WHAT THE TASK ASKS = How many lines in the entries below contain the word "Hernández"? Answer with the number and nothing else.

GIVEN INFORMATION =
________
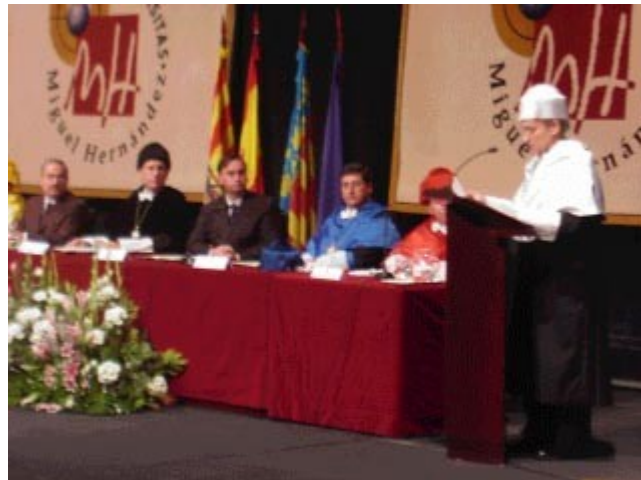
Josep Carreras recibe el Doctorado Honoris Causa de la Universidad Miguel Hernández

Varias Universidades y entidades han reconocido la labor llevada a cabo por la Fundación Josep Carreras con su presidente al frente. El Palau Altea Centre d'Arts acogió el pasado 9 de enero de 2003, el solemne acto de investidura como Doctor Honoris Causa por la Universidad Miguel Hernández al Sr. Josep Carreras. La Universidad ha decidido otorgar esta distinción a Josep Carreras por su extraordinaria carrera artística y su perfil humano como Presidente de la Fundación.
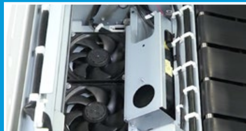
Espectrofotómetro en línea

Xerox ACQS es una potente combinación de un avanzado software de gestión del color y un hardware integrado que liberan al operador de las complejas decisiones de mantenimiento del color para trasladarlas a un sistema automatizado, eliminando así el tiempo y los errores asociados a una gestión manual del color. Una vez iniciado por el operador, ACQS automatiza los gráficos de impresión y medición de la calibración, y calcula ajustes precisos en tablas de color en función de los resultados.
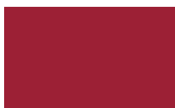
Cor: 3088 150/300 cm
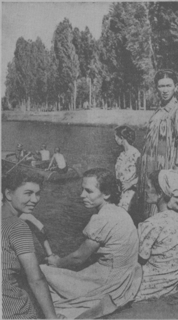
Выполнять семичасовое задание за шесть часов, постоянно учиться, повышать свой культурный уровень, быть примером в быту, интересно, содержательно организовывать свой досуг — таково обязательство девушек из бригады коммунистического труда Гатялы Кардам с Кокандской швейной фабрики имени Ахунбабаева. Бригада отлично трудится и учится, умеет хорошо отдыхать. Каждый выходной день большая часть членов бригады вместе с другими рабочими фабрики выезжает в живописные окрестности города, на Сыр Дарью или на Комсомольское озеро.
________
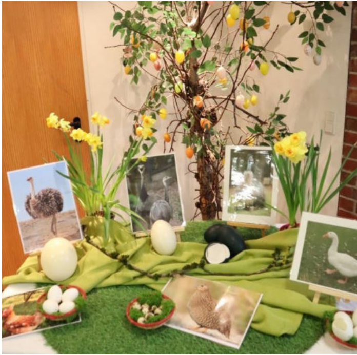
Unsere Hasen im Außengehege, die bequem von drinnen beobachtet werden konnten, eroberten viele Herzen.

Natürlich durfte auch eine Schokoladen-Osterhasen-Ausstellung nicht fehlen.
________
COMPLETED TASK = 2